To pięknie z jego strony, zwłaszcza że w Rosji, podobnie jak w Polsce, ceny mieszkań rosną w zawrotnym tempie. W centrum Moskwy ceny apartamentów dochodzą do 1 miliona dolarów. Na obrzeżach miasta są trochę niższe. Na lokum, które Ivan chce kupić matce, musi wydać pół miliona złotych.

Ivan zarabia świetnie. Do tego skrupulatnie odkłada każdy grosz. W samym "Tańcu z gwiazdami" zarobił już ok. 60 tysięcy złotych. Ale to jeszcze nic. W lipcu piosenkarz i aktor rusza w trasę koncertową. Do września ma zaplanowane aż 22 koncerty. A za każdy z nich dostanie ok. 12 tysięcy zł, co da mu łącznie 300 tysięcy zł. Już wie, że nie wyda tego na głupoty. Ma przecież ważny cel.
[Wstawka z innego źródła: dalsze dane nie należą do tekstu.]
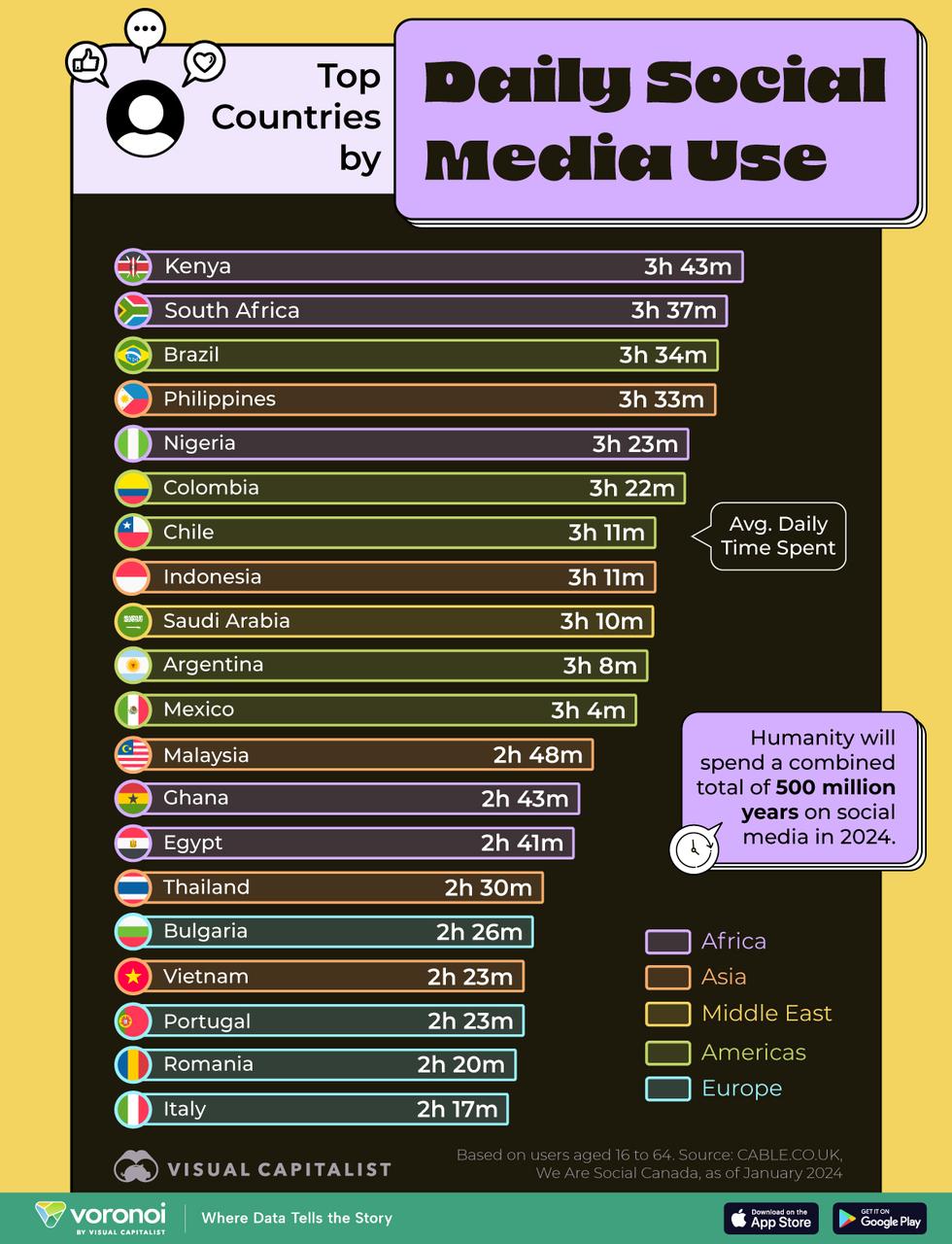 目前,非洲几乎也是全球使用社交媒体时间最长的地区。Voronoi 数据显示,肯尼亚人均每天在社交媒体上花费 3 小时 43 分钟,位居全球社交媒体使用时间排行榜首位;南非、尼日利亚社交媒体参与度也很高,人均每天在社交媒体上花费均超过3小时,在全球社交媒体使用时间排行榜分别位列第二和第五。

"Ponieważ mama mieszka wciąż na Syberii, bardzo rzadko mnie odwiedza" - mówi "Faktowi" finalista "Tańca z gwiazdami". "Podróż jest bardzo męcząca. Trzeba najpierw jechać długo pociągiem, a potem lecieć samolotem" - przyznaje Galina Stiepanowa. Odkąd jej syn zamieszkał 14 lat temu w Polsce, była u niego zaledwie 2 razy. Dlatego marzeniem Ivana jest przeprowadzka mamy pod Moskwę. Gwiazdor ma nadzieję, że będzie to już na jesieni.